Stop at the line containing "点击左侧的任务图标,就能查看": write out every line from the beginning of the entries up to and including it, minus the pictures.

........

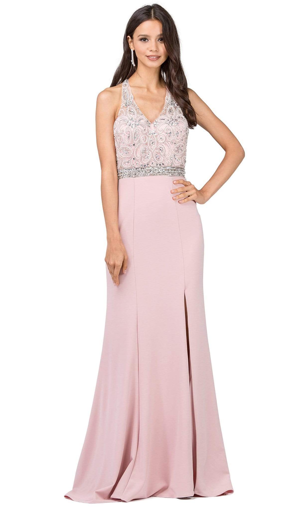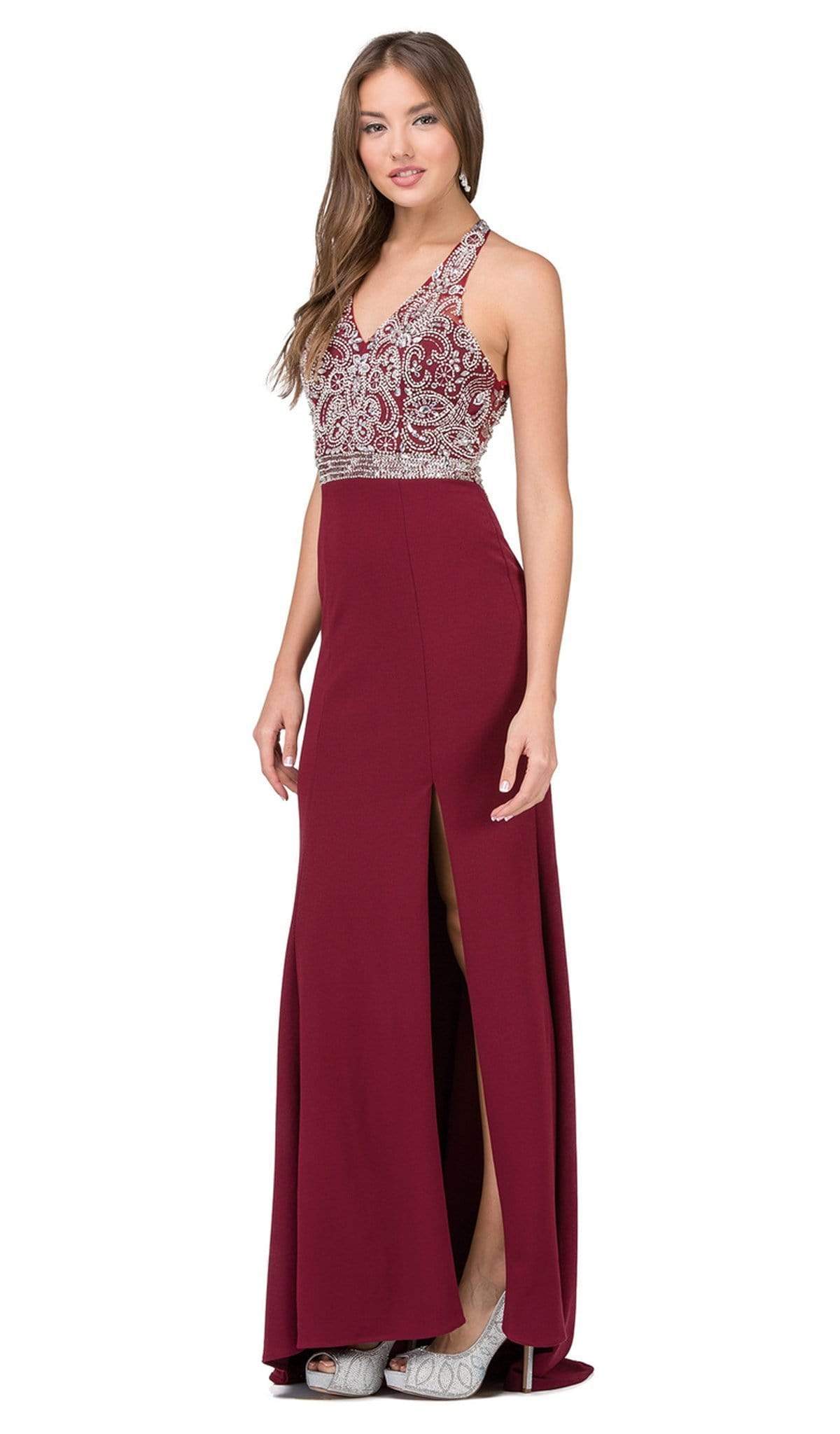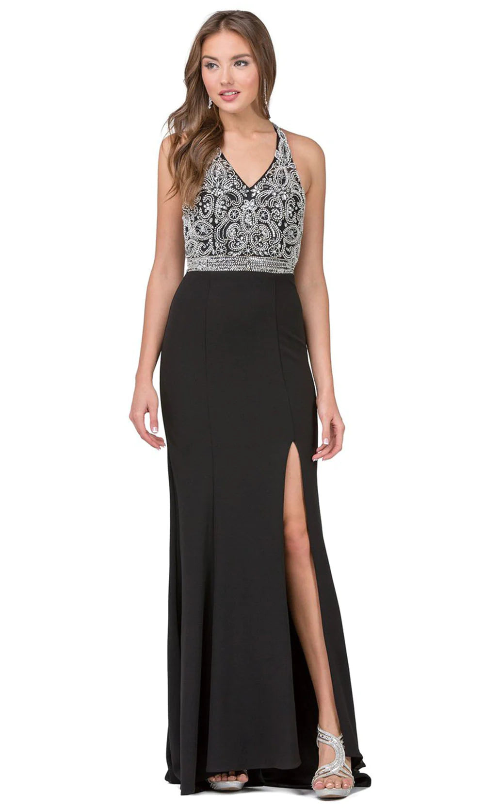 Vestido de fiesta con escote halter y aberturas Dancing Queen 2242
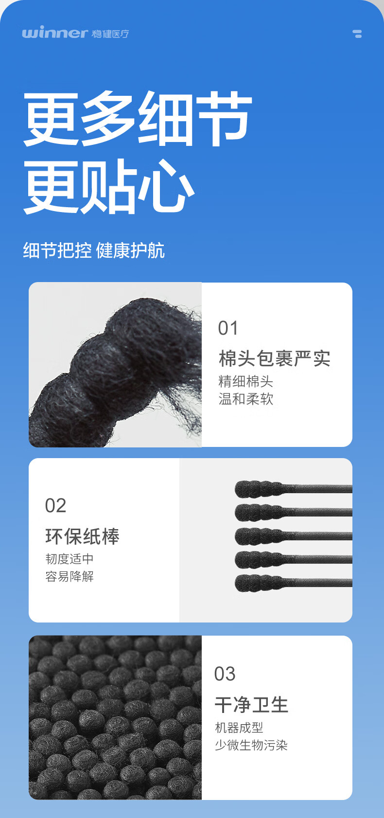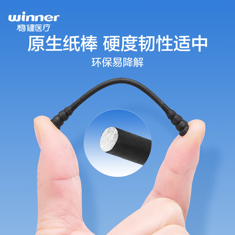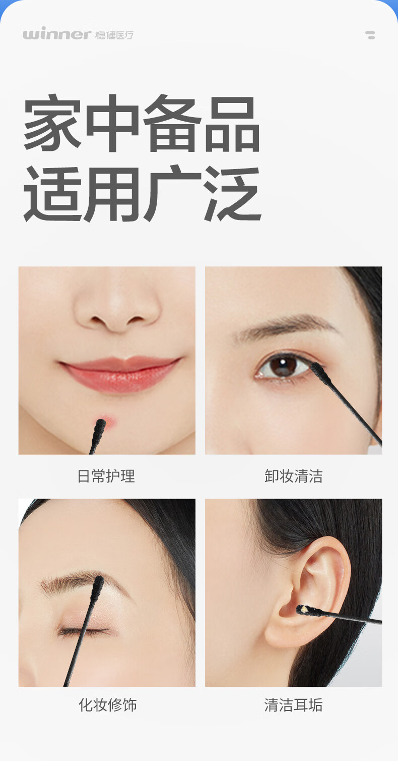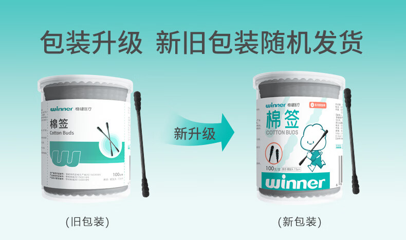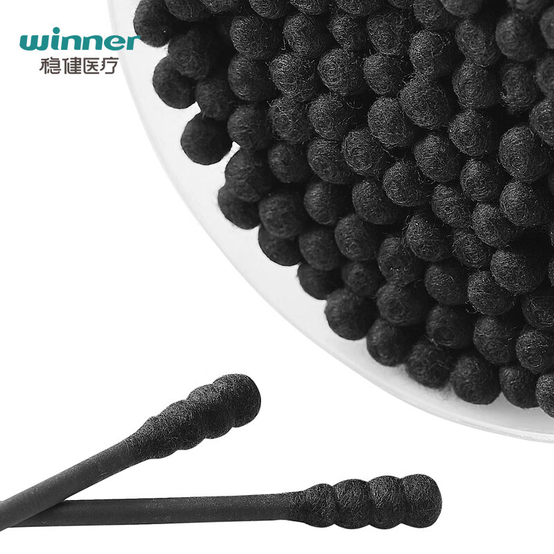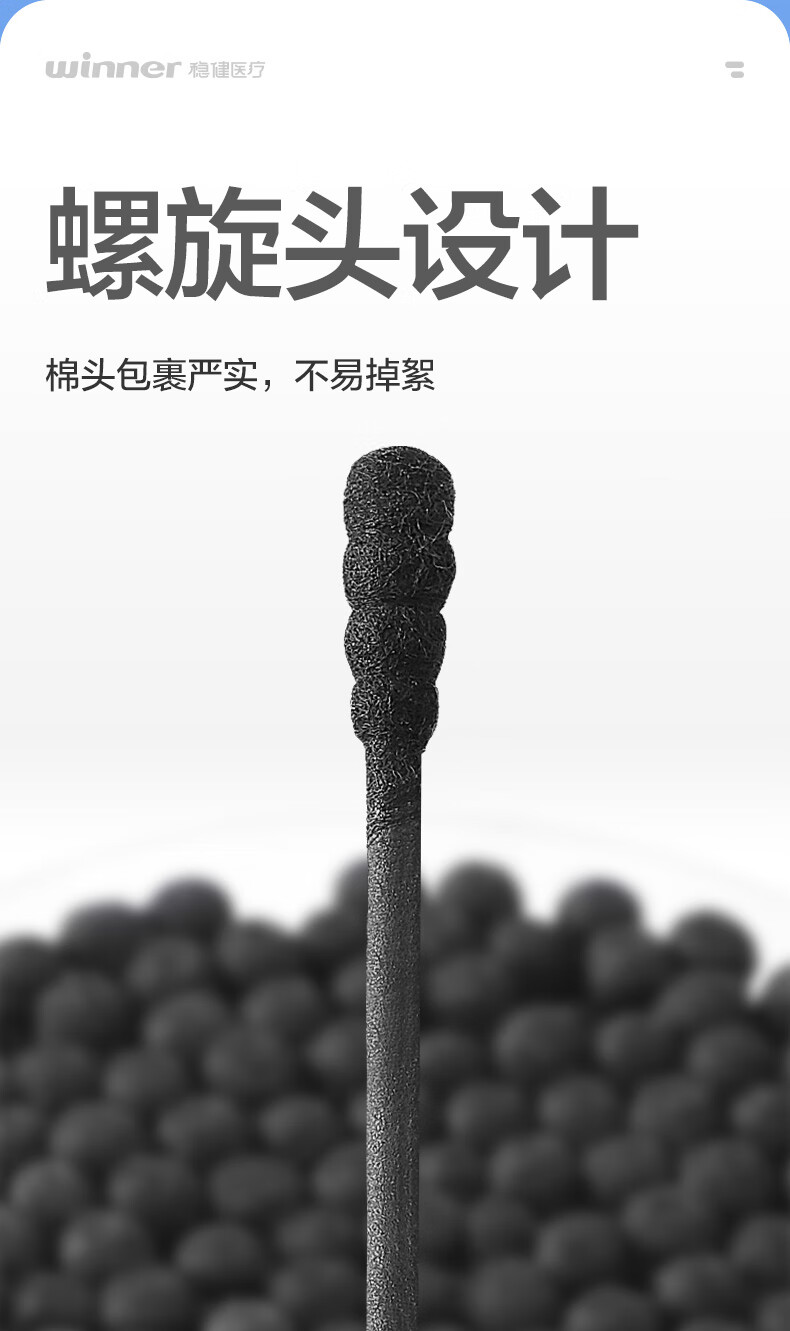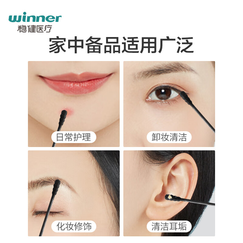 稳健(Winner) 一次性医用棉签7.5cm 100支/桶 黑色双螺旋头棉棒成人儿童日常清洁护理化妆掏耳棉棒 自营
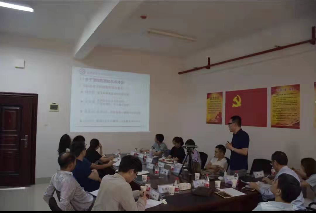首先,龚丽老师介绍了出席本次会议的领导和嘉宾,并对本次研讨会做了简单介绍。然后学院张国强书记发言,张书记简单介绍了我们新能源材料与器件专业和本次会议的中心思想,并提出了两点希望:1)推进本专业特色建设;2)加强课程思政建设。在接下来的环节中,我院刘鹏老师根据自己金课建设的实践与体会从三个方面分享了自己宝贵的教学经验和体会:1)怎样做好教学设计,2)如何体现“两性一度”,3)如响融入“课程思政”。融入课程思政的目标是实现价值塑造、知识传授与能力培养相统一,可以通过以下三条途径来实现:1)掘课程思政无素,2)融思政于课堂教学,3)反思教学效果。刘鹏老师分享完后,系里教学经验丰富的教授及课程深受学生欢迎的老师们也各抒己见,分享了各自的教学经验和方法。
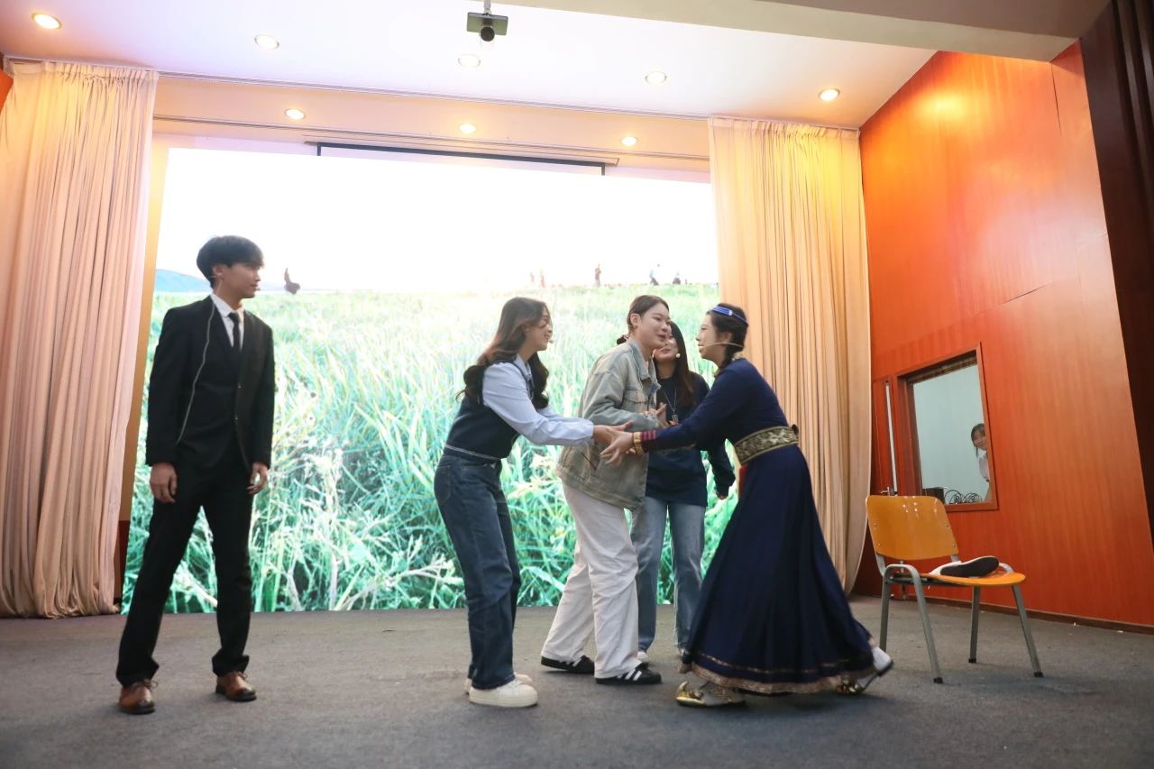 活动中,话剧《初心》和《草原的母亲》等优秀剧目进行了汇报演出,学生演员们的精彩表演,展现了大学生戏剧的独特魅力和创作才华。天津北方演艺集团专家对剧目进行了精彩点评,为学生们提供了宝贵的专业意见,为他们在戏剧艺术道路上不断进步提供了重要助力。随后,各位专家老师与同学们上台与同学们开展了近一小时的现场交流,为同学们细致讲述了戏剧表演的相关知识,耐心解答了老师、同学们现场提出的戏剧创作、表演相关疑问,促进了演职团队专业素养的进一步提升。通过本次活动,同学们纷纷表示对本届戏剧节的后续活动充满期待,希望参与到更为丰富、更加精彩的系列活动中,为传承戏剧这一优秀文化形式贡献属于渤海的青春力量。
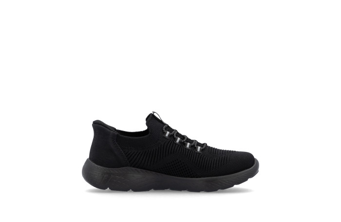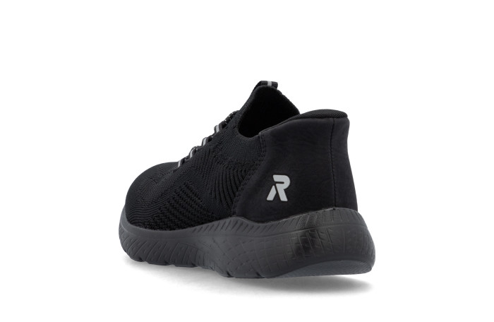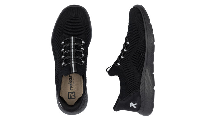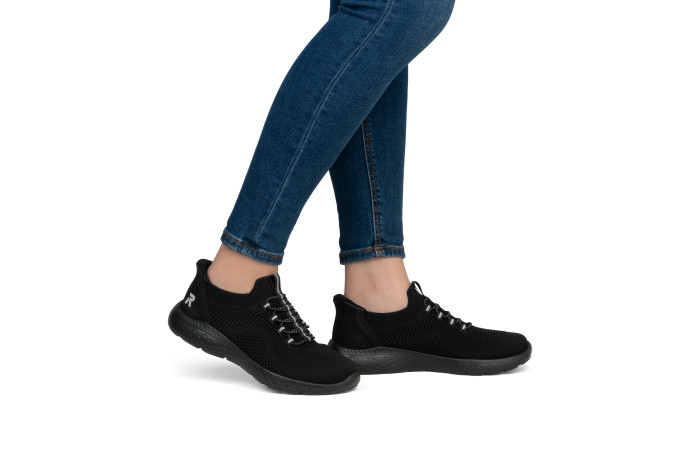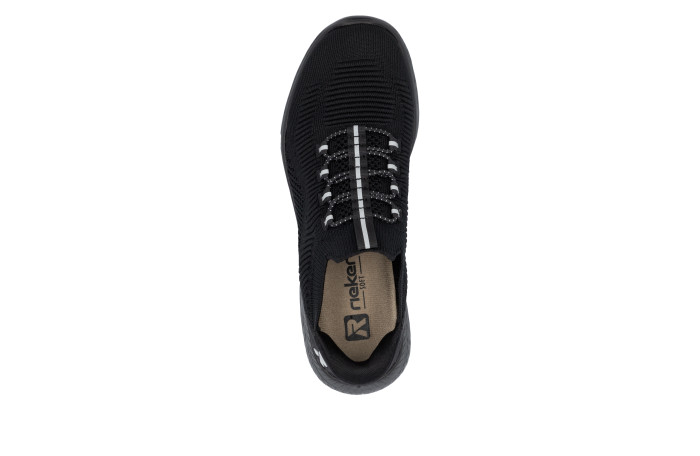 Riekerin musta READY 2 GO tennari. Kantaosa muotoiltu ja vahvistettu siten, että kenkä menee jalkaan, ilman kenkälusikkaa. Pinta tekstiiliä. Jalkineessa on miellyttävä, irrotettava Soft sisäpohjallinen. Edessä oleva nauhoitus somisteena. Kannan korkeus n. 3 cm.
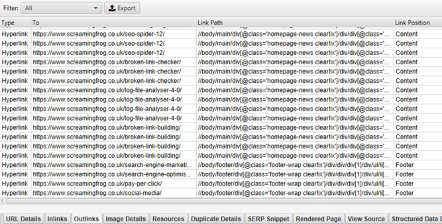 El equipo de Screaming Frog nos cuenta en la presentación de la nueva versión 13.0, que tenían muchas peticionas relacionadas con enlaces por parte de profesionales y han decidido mejorar esta sección, para que todos los que nos dedicamos al SEO podamos tomar las mejores decisiones. ¡Han escuchado nuestras plegarias y han creado nuevos atributos para los enlaces! Ahora se puede ver la posición del enlace dentro de la página, como por ejemplo si se encuentra en la cabecera, en el contenido o en el footer:
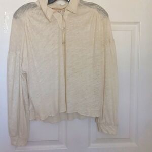 XS Free the People Long sleeved top.Button cuffs,collared.with 3 buttons.Linen and cotton unconstructed,waist length,great with jeans
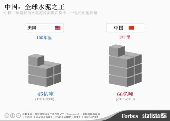 比爾·蓋茨做了一個令人震撼的對比,讓大家對中國在二十一世紀(jì)對水泥的狼吞虎咽有一個直觀認(rèn)識。比爾·蓋茨在個人博客上表示,2011年至2013年期間,中國消耗了66億噸水泥,超過美國在整個二十世紀(jì)的消耗量。但是看看美國在1901年至2000年期間建造了哪些工程:各種摩天大樓、州際公路、胡佛水壩等等,而期間消耗的水泥總共只有45億噸。不過,蓋茨沒有能夠呈現(xiàn)中美兩國地理環(huán)境、建筑習(xí)慣的差異,因而有些大驚小怪。
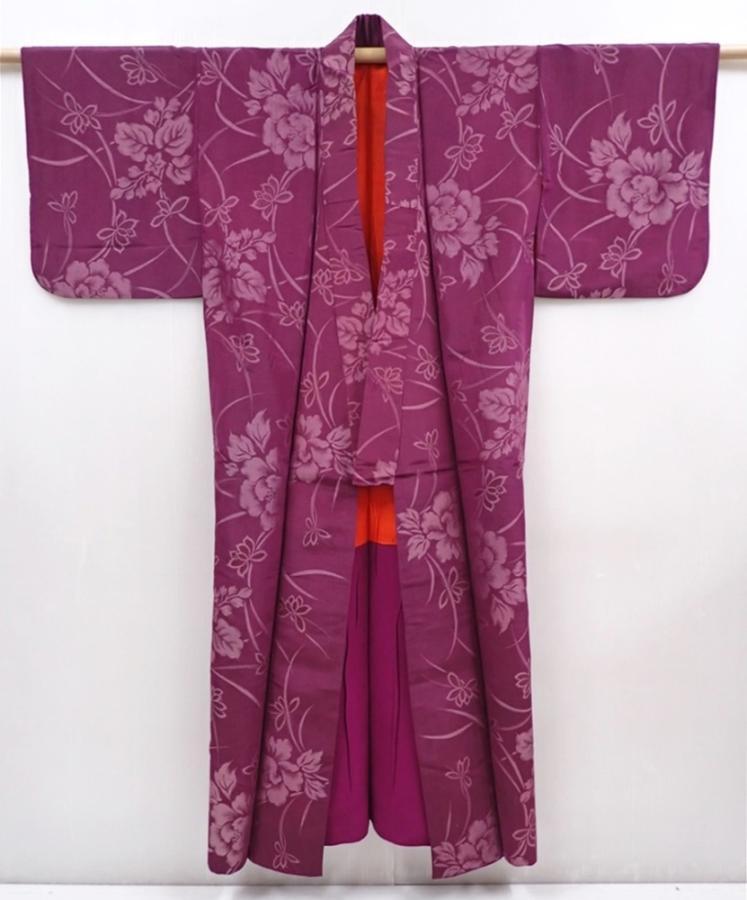 6009T10z570 Antique Japanese Kimono Silk TSUMUGI Peony Dull purple
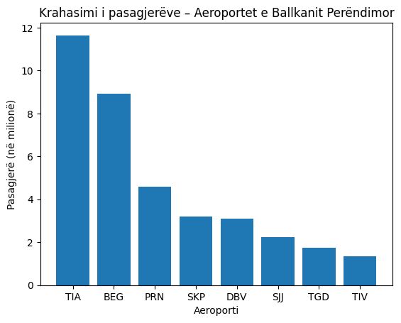 Në fund të renditjes, Podgorica (TGD) rezulton i vetmi aeroport me rënie, duke shënuar 1,752,077 pasagjerë dhe një tkurrje prej -0.3%, ndërsa Tivati (TIV) mbyll listën me 1,343,265 pasagjerë, por me një rritje të ndjeshme prej 19.5%, e mbështetur kryesisht nga sezonaliteti turistik.
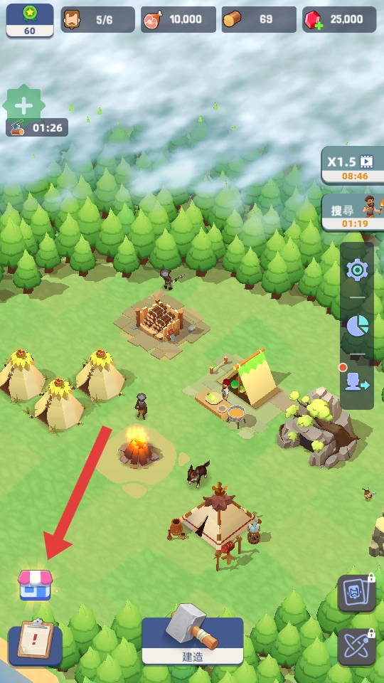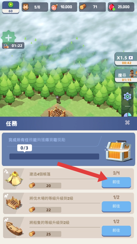 点击左侧的任务图标,就能查看当前的任务列表,从而知晓需要达成的目标,比如搭建帐篷、提升伐木场等级等。
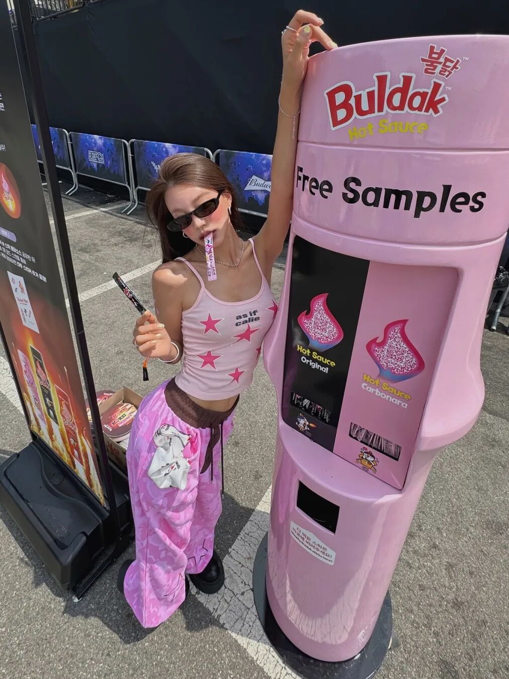 翻看千禧年间流行的甜辣Y2K风格照片,不难发现,荧光色和露肤度高的单品是关键,艳丽眼影搭配吊带和低腰喇叭裤,恰好是一次绝佳的辣妹风格复现。
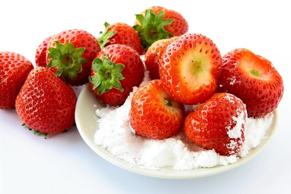 - いちご全体にまんべんなく砂糖をまぶす
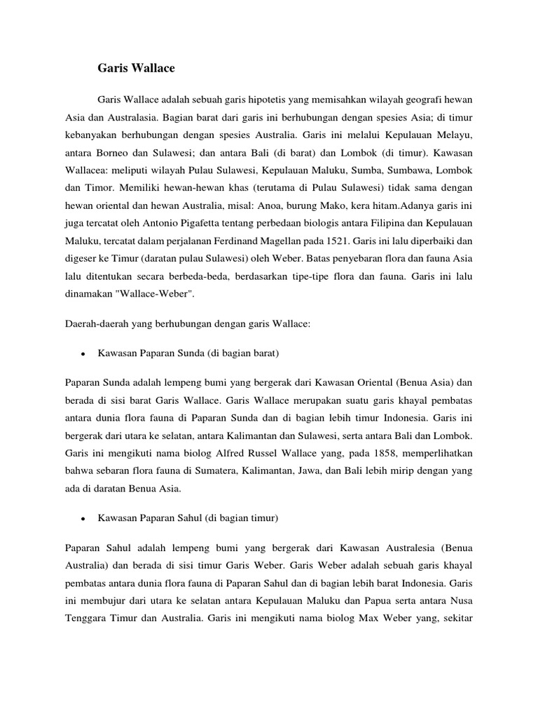 jelaskan garis wallace dan garis weber sebagai pembatas flora dan …

........

● **Finished exercise**:
 Vestido de fiesta con escote halter y aberturas Dancing Queen 2242
 稳健(Winner) 一次性医用棉签7.5cm 100支/桶 黑色双螺旋头棉棒成人儿童日常清洁护理化妆掏耳棉棒 自营
首先,龚丽老师介绍了出席本次会议的领导和嘉宾,并对本次研讨会做了简单介绍。然后学院张国强书记发言,张书记简单介绍了我们新能源材料与器件专业和本次会议的中心思想,并提出了两点希望:1)推进本专业特色建设;2)加强课程思政建设。在接下来的环节中,我院刘鹏老师根据自己金课建设的实践与体会从三个方面分享了自己宝贵的教学经验和体会:1)怎样做好教学设计,2)如何体现“两性一度”,3)如响融入“课程思政”。融入课程思政的目标是实现价值塑造、知识传授与能力培养相统一,可以通过以下三条途径来实现:1)掘课程思政无素,2)融思政于课堂教学,3)反思教学效果。刘鹏老师分享完后,系里教学经验丰富的教授及课程深受学生欢迎的老师们也各抒己见,分享了各自的教学经验和方法。
 活动中,话剧《初心》和《草原的母亲》等优秀剧目进行了汇报演出,学生演员们的精彩表演,展现了大学生戏剧的独特魅力和创作才华。天津北方演艺集团专家对剧目进行了精彩点评,为学生们提供了宝贵的专业意见,为他们在戏剧艺术道路上不断进步提供了重要助力。随后,各位专家老师与同学们上台与同学们开展了近一小时的现场交流,为同学们细致讲述了戏剧表演的相关知识,耐心解答了老师、同学们现场提出的戏剧创作、表演相关疑问,促进了演职团队专业素养的进一步提升。通过本次活动,同学们纷纷表示对本届戏剧节的后续活动充满期待,希望参与到更为丰富、更加精彩的系列活动中,为传承戏剧这一优秀文化形式贡献属于渤海的青春力量。
 Riekerin musta READY 2 GO tennari. Kantaosa muotoiltu ja vahvistettu siten, että kenkä menee jalkaan, ilman kenkälusikkaa. Pinta tekstiiliä. Jalkineessa on miellyttävä, irrotettava Soft sisäpohjallinen. Edessä oleva nauhoitus somisteena. Kannan korkeus n. 3 cm.
 El equipo de Screaming Frog nos cuenta en la presentación de la nueva versión 13.0, que tenían muchas peticionas relacionadas con enlaces por parte de profesionales y han decidido mejorar esta sección, para que todos los que nos dedicamos al SEO podamos tomar las mejores decisiones. ¡Han escuchado nuestras plegarias y han creado nuevos atributos para los enlaces! Ahora se puede ver la posición del enlace dentro de la página, como por ejemplo si se encuentra en la cabecera, en el contenido o en el footer:
 XS Free the People Long sleeved top.Button cuffs,collared.with 3 buttons.Linen and cotton unconstructed,waist length,great with jeans
 比爾·蓋茨做了一個令人震撼的對比,讓大家對中國在二十一世紀(jì)對水泥的狼吞虎咽有一個直觀認(rèn)識。比爾·蓋茨在個人博客上表示,2011年至2013年期間,中國消耗了66億噸水泥,超過美國在整個二十世紀(jì)的消耗量。但是看看美國在1901年至2000年期間建造了哪些工程:各種摩天大樓、州際公路、胡佛水壩等等,而期間消耗的水泥總共只有45億噸。不過,蓋茨沒有能夠呈現(xiàn)中美兩國地理環(huán)境、建筑習(xí)慣的差異,因而有些大驚小怪。
 6009T10z570 Antique Japanese Kimono Silk TSUMUGI Peony Dull purple
 Në fund të renditjes, Podgorica (TGD) rezulton i vetmi aeroport me rënie, duke shënuar 1,752,077 pasagjerë dhe një tkurrje prej -0.3%, ndërsa Tivati (TIV) mbyll listën me 1,343,265 pasagjerë, por me një rritje të ndjeshme prej 19.5%, e mbështetur kryesisht nga sezonaliteti turistik.
 点击左侧的任务图标,就能查看当前的任务列表,从而知晓需要达成的目标,比如搭建帐篷、提升伐木场等级等。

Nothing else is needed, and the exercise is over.